Suara-ntt.com, Kupang-Komisi III DPRD Provinsi NTT mempertanyakan sikap pemerintah Provinsi NTT yang ingin menambah penyertaan modal untuk PT. Kawasan Industri Bolok (KIB) NTT. Memang sesuai Perda Nomor 6 Tahun 2019, penyertaan modalnya sebesar Rp 95 miliar yang dialokasikan dalam empat tahun anggaran berturut-turut.
Rinciannya, tahun 2020 sebesar Rp 23,750 miliar, tahun 2021 sebesar Rp 35 miliar, tahun 2022 sebesar Rp 20 miliar, dan tahun 2023 sebesar Rp16,250 miliar.

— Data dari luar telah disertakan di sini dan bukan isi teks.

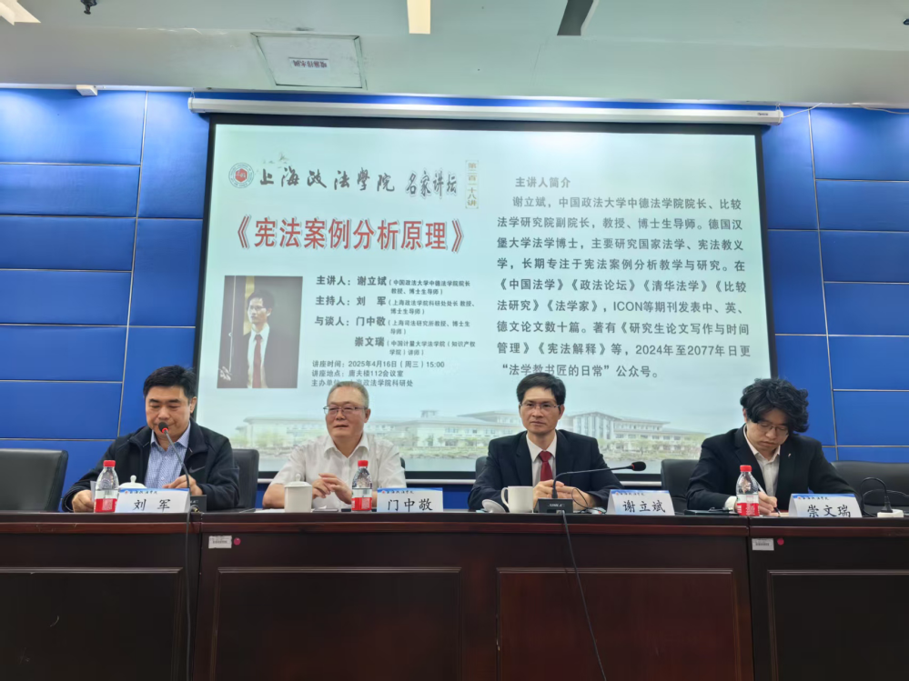 2025年4月16日,新利18官方客服“名家讲坛”系列的第218讲在庸夫楼112会议室举办。中国政法大学中德法学院院长、比较法学研究院副院长谢立斌教授以“宪法案例分析原理”为题,为在场师生带来了一场精彩的学术报告。讲座由新利18官方客服科研处处长刘军教授主持,上海司法研究所门中敬教授和中国计量大学崇文瑞博士参与与谈。
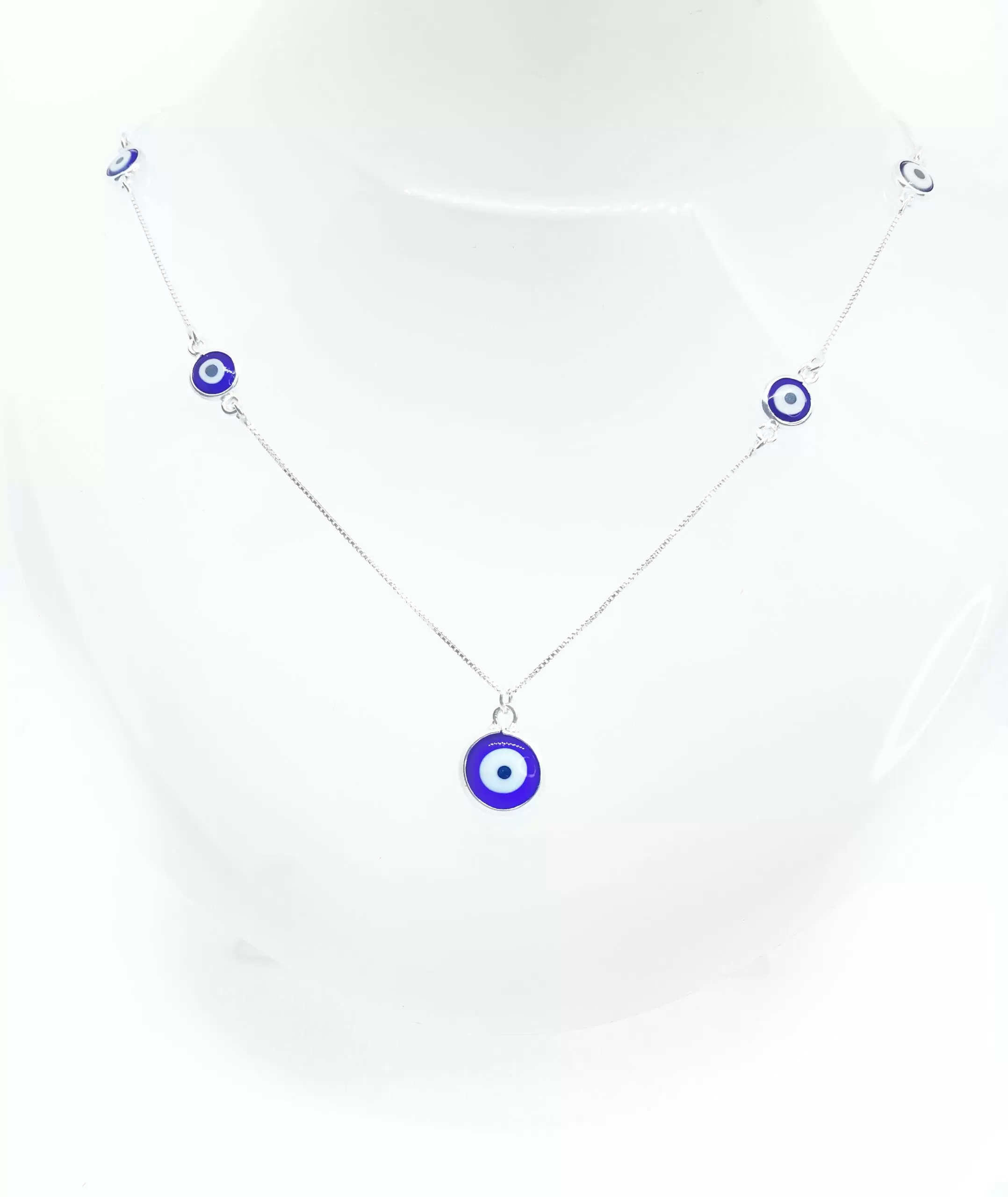 Colar 4 Olhos Grego Pequenos , 1 Médio, Azuis Claros em Prata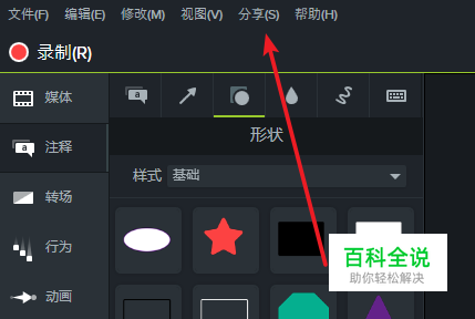 在编辑完或者录制完视频后,首先点击菜单栏上的“分享"。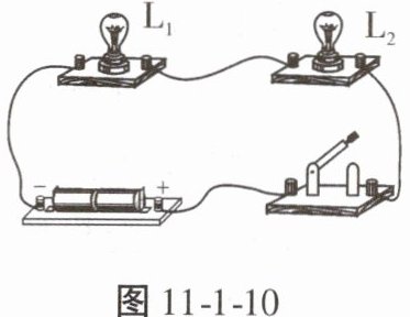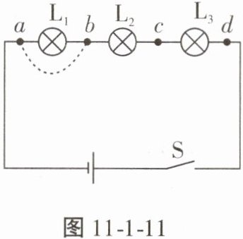 10. 如图11-1-11所示的电路中,电源电压不变,闭合开关,灯泡L₁、L₂、L₃都不发光。若只有一个灯泡的灯丝发生了断路,现用一根导线(如图中虚线所示)连接a、b点,三个灯泡仍都不亮,则(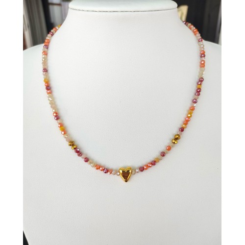 Ένα κολιέ με ιδιαίτερο νόημα και διαχρονική γοητεία. Οι χάντρες σε θερμούς τόνους δημιουργούν ένα εντυπωσιακό φόντο για την κεντρική χρυσή καρδιά, καθιστώντας το ιδανικό για όσους αναζητούν ένα κόσμημα που συνδυάζει φινέτσα με προσωπικό συμβολισμό. Φορέστε το ως δήλωση ή ως ένα διακριτικό σημάδι αγάπης.

“Herannya, dalam APBD murni atau induk 2020 pemerintah hanya mengalokasikan Rp 2 miliar dan meminta agar pada APBD perubahan dialokasikan Rp 21,750 miliar,” kata Wakil Ketua DPRD Provinsi NTT, Viktor Watun kepada wartawan di ruang Fraksi DPRD Provinsi NTT, Jumat (19/6/2020).
Politisi PDIP ini mempertanyakan, apakah regulasi memungkinkan penyertaan modal ke KI Bolok pada APBD perubahan lebih besar dari anggaran murni yang telah ditetapkan sebesar Rp 2 miliar. Kalaupun memungkinkan, perlu diketahui besaran deviden yang akan diberikan kepada Pemerintah NTT pada akhir tahun anggaran.
“Manajemen dan dewan direksi PT KI Bolok harus menyajikan atau mempresentasikan tentang jenis usaha dan desain bisnis yang dijalankan sehingga penyertaan modal yang akan diberikan bisa berdampak pada kontribusi untuk daerah melalui deviden,” tegas Viktor.
Sikap Pemerintah Provinsi Nusa Tenggara Timur (NTT) terkait pebyertaaan modal di PT Kawasan Industri (KI) Bolok dinilai tidak jelas sesuai amanat Perda Nomor 6 Tahun 2019 tentang Pendirian PT KI Bolok (Perseroda).
Viktor menjelaskan, pada masa sidang kali ini, Komisi III membahas dua rancangan peraturan daerah (Perda) tentang penyertaan modal untuk PT Jaminan Perkreditan Daerah (Jamkrida) dan PT KI Bolok. Untuk penyertaan modal kepada PT Jamkrida NTt tidak ada persoalan karena deviden yang diberikan kepada Pemerintah NTT sangat jelas dan terukur yakni Rp 5 sampai Rp 7,5 miliar setiap tahun. Sehingga penyertaan modal sebesar Rp 25 miliar ke PT Jamkrida dinilai cukup beralasan.
Ia menambahkan, jika pihak PT KI Bolok tidak mampu menjelaskan jenis usaha dan deviden yang akan diserahkan kepada pemerintah, sebaiknya tambahan penyertaan modal dipertimbangkan kembali. Apalagi saat ini akan memasuki semester kedua pengelolaan tahun anggaran. Jangan sampai, penyertaan modal yang ada dipakai untuk membangun infrastruktur sebagaimana pernah dijelaskan manajemen PT KI Bolok dalam rapat dengar pendapat dengan Komisi III beberapa waktu lalu.
Lebih lanjut kata dia, untuk PT. Kawasan Industri Bolok (KIB) pemerintah dinilai tidak jujur dan transparan. Karena pemerintah hanya alokasikan Rp 2 miliar sedangkan dalam Perda Penyertaan Modal mereka dialokasikan penyertaan modal 30 persen dari Rp 95 miliar atau setara dengan Rp 23 miliar lebih.
“Pada prinsipnya kita setujui tapi harus teliti soal itu. Termasuk prediksi soal kontribusi dan pemberian deviden kepada pemerintah. Karena Perda sudah ditetapkan oleh DPRD terdahulu dan kami tidak bisa bantah,” pungkas mantan Wakil Bupati Lembata ini.